Keywords: FastDesign, FastRelax, ResidueSelector, TaskFactory, TaskOperation, pose_from_rcsb, get_residues_from_subset, ResidueNameSelector, ChainSelector, ResiduePropertySelector, NotResidueSelector, AndResidueSelector, RestrictToRepackingRLT, RestrictAbsentCanonicalAASRLT, NoRepackDisulfides, OperateOnResidueSubset

## Overview

Here, we will expand upon our knowledge of ResidueSelectors and TaskOperations and how to use them.  We can once again use FastRelax or FastDesign to do design.  Since we don't need any additional tools offered by FastDesign, we will use FastRelax.  I like to call it RelaxedDesign. :)

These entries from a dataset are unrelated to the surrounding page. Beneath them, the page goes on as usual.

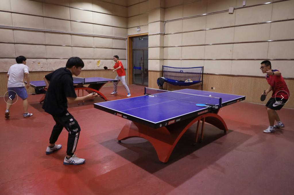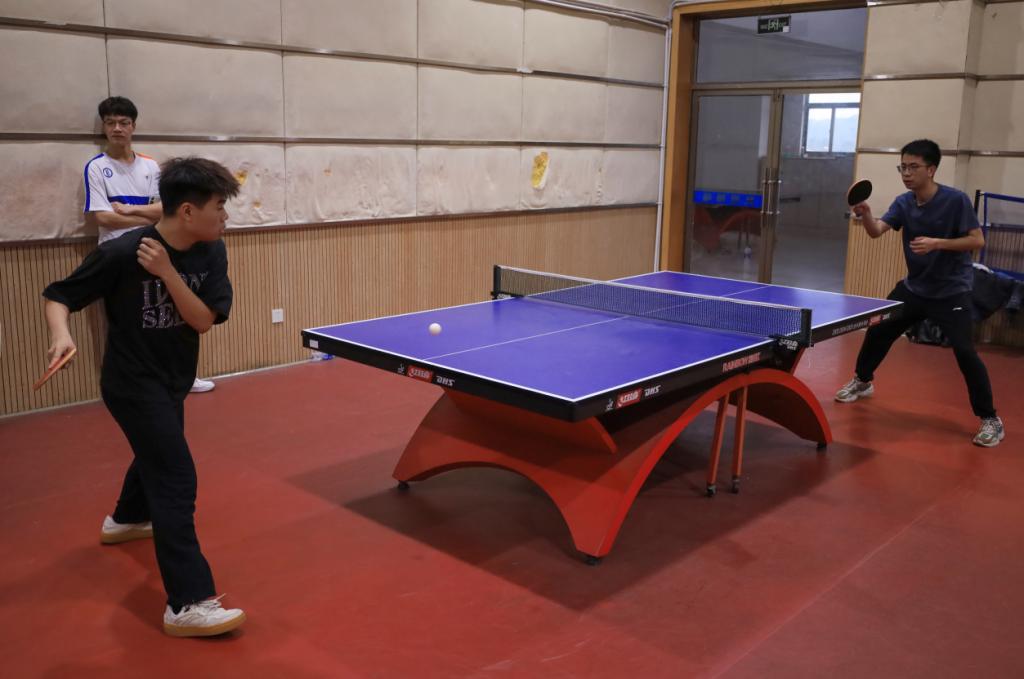 “打得太好了!”“注意防守。”……4月13日,tyc122ccvip在体育馆三楼乒乓球室举办师生乒乓球联谊赛,20余名师生参与其中。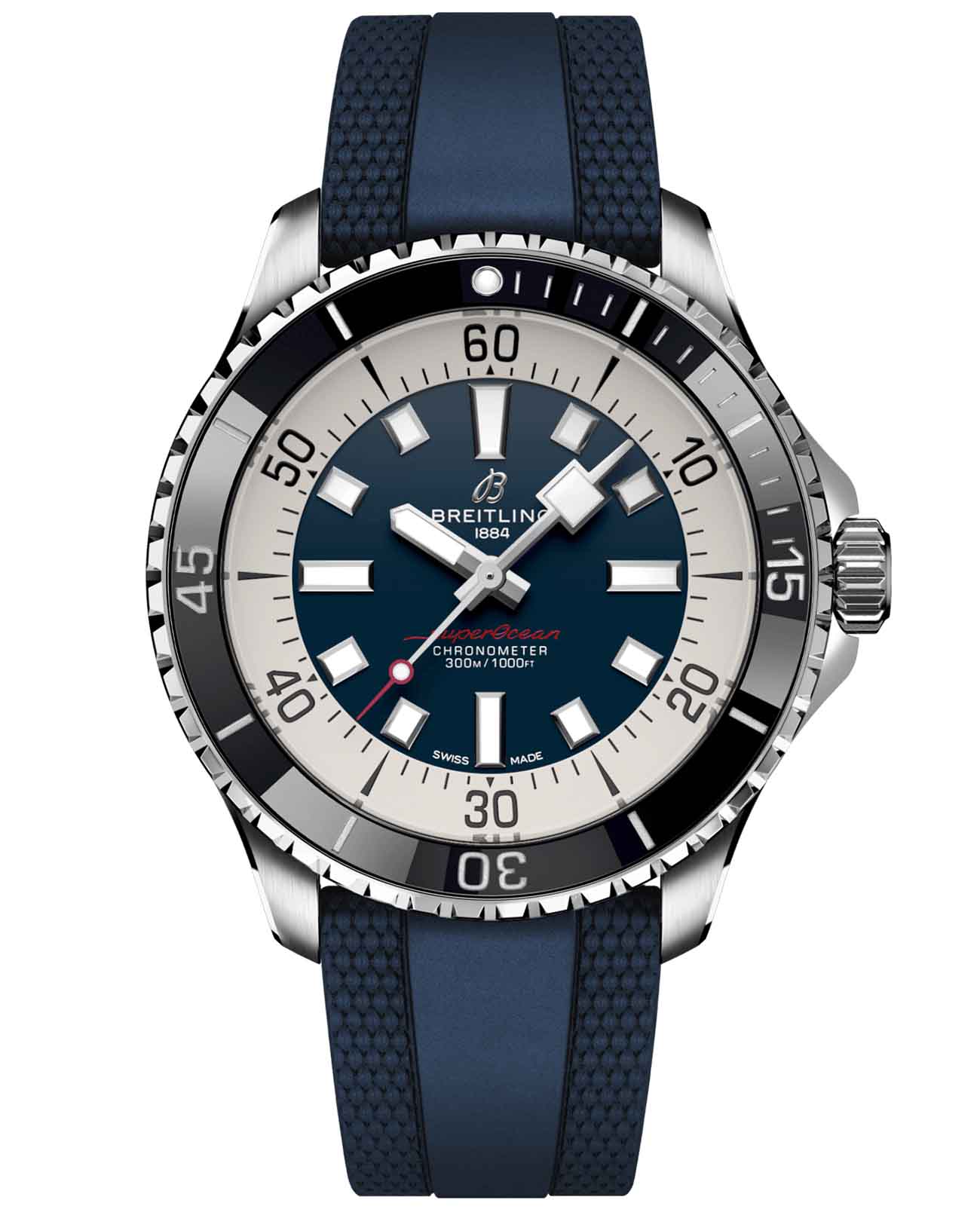 Мужские водонепроницаемые швейцарские часы Breitling Superocean Automatic 44 A17376211C1S1, механический механизм (автоматический калибр) с высокой точностью. Сапфировое стеклоСапфировое стеклоПрочный и надёжный материал из кристалла сапфира синтетического происхождения, характеризующийся особой твёрдостью и устойчивостью к царапинам и повреждениям. устойчивое к появлению царапин, обладающее высокой прозрачностью. Класс водозащиты: 300 метров, позволит плавать, нырять и заниматься другими водными видами спорта. Корпус часов изготовлен из стали. Силиконовый ремешок с раскладной застёжкойРаскладная застёжкаТакой тип застёжки используется только на браслетах из металла. Она никогда не раскрывается полностью, происходит разделение на 2 и более частей. Раскладывающая застёжка снизит вероятность потери часов к минимуму.. Стрелки и метки с люминесцентным покрытиемЛюминесцентное покрытиеПозволяет считывать показания времени в темноте. Производители наносят на стрелки, часовые индексы, безель или поверхность циферблата светонакопительный состав, дающий холодное свечение.. Широкие стрелки и индексы с люминесцентным покрытиемЛюминесцентное покрытиеПозволяет считывать показания времени в темноте. Производители наносят на стрелки, часовые индексы, безель или поверхность циферблата светонакопительный состав, дающий холодное свечение. обеспечивают легкую читаемость под водой. БезельБезельВнешний ободок, закрепляющий стекло. В спортивных часах так называется поворотное кольцо с делениями на циферблате, выполняет роль таймера – замеряет отрезки времени на шкале. Неподвижный безель – элемент декора. Однонаправленно вращающийся безель на дайверских часах позволяет фиксировать моменты погружения и выныривания на поверхность. из стали с керамической инкрустацией, защищенный от царапин, никогда не изнашивается и не выцветает. Лучше всего то, что это больше не просто часы для дайвинга — занимайтесь с ними серфингом, плавайте с ними, заходите с ними в пляжный бар, а затем надевайте их на ужин. Superocean идеально сочетает ностальгию по своему наследию со свежим внешним видом.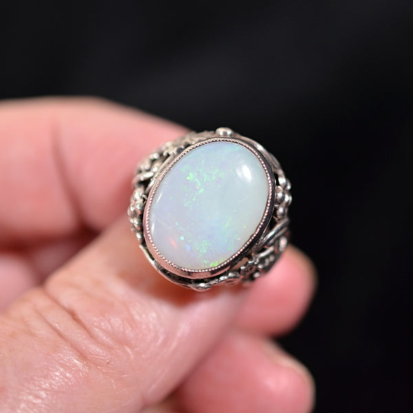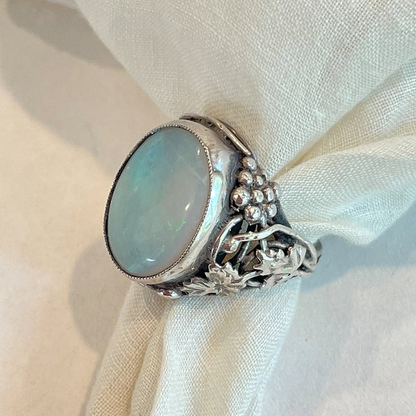 SOLD Vintage/Antique Sterling Silver Opal Grapevine Ring, Art Nouveau Victorian Ring Size 5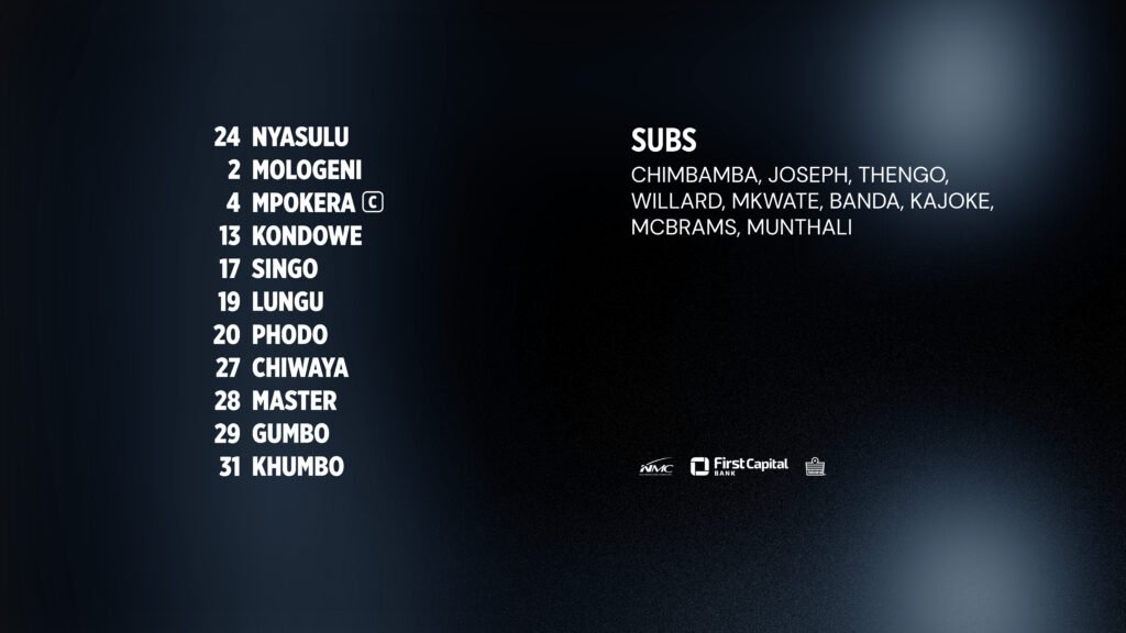The substitutes for today’s fixture include Richard Chimbamba, Blessings Joseph, Edward Thengo, Frank Willard, Mike Mkwate, Peter Banda, Sean Mcbrams, Hassan Kajoke, and Bright Munthali, giving the coach options to inject fresh energy if needed.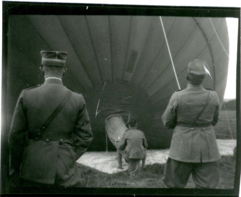 Karlsborg 1932. Kapten John Stenbeck har ordergivning före flygning. I bakgrunden S6 Fokker.

*Warning*: This notebook uses `pyrosetta.distributed.viewer` code, which runs in `jupyter notebook` and might not run if you're using `jupyterlab`.

In [None]:
!pip install pyrosettacolabsetup
import pyrosettacolabsetup; pyrosettacolabsetup.install_pyrosetta()
import pyrosetta; pyrosetta.init()


**Make sure you are in the directory with the pdb files:**

`cd google_drive/MyDrive/student-notebooks/`

In [None]:
import logging
logging.basicConfig(level=logging.INFO)
import os
import pyrosetta
import pyrosetta.toolbox
import site

from IPython.core.display import display, HTML
display(HTML("<style>.container { width:100% !important; }</style>"))

## Initialize PyRosetta 

In [None]:
pyrosetta.init("-ignore_unrecognized_res 1 -ex1 -ex2aro")

 For this tutorial, let's again use the native protein crambin from PDB ID 1AB1 (http://www.rcsb.org/structure/1AB1)
 Setup the input pose and scorefunction:

In [None]:
start_pose = pyrosetta.toolbox.rcsb.pose_from_rcsb("1AB1", ATOM=True, CRYS=False)
pose = start_pose.clone()
scorefxn = pyrosetta.create_score_function("ref2015_cart.wts")

 To list the cysteine residues in crambin, now we use ResidueSelectors:
 Note difference in residue names "CYS:disulfide" vs. "CYS"
 
 Note that we could also use the `ResiduePropertySelector` and use the `DISULFIDE_BONDED` property to grab these.

In [None]:
disulfide_res = pyrosetta.rosetta.core.select.residue_selector.ResidueNameSelector("CYS:disulfide")
print(pyrosetta.rosetta.core.select.get_residues_from_subset(disulfide_res.apply(pose)))

 Inspect the starting pose using the `PyMolMover` or `dump_pdb()`. By default, disulfide bonds are not drawn even if they exist in PyRosetta:

 You can also use this shortcut to view a pose in `py3Dmol` which recognizes disulfide bonds in PyRosetta:
 
Run one of the following, whether you git cloned the pyrosetta_scripts repository or downloaded visualization.py from the Google Drive

`%run ~/pyrosetta_scripts/pilot/apps/klimaj/py3Dmol/visualization.py`
`%run ./visualization.py`

## Design strategy

Design away the cysteine residues (i.e. disulfide bonds) using ResidueSelectors and TaskOperations, allowing all side-chains to re-pack and all backbone and side-chain torsions to minimize using the `FastDesign` mover.

 Note: because we did not include the `-detect_disulfide 0` command line flag in `pyrosetta.init()`, in order to mutate disulfide bonded cysteine residues using packing steps in the `FastDesign` mover, first we need to break the disulfide bonds:

In [None]:
for i in pyrosetta.rosetta.core.select.get_residues_from_subset(disulfide_res.apply(pose)):
    for j in pyrosetta.rosetta.core.select.get_residues_from_subset(disulfide_res.apply(pose)):
        if pyrosetta.rosetta.core.conformation.is_disulfide_bond(pose.conformation(), i, j):
            pyrosetta.rosetta.core.conformation.break_disulfide(pose.conformation(), i, j)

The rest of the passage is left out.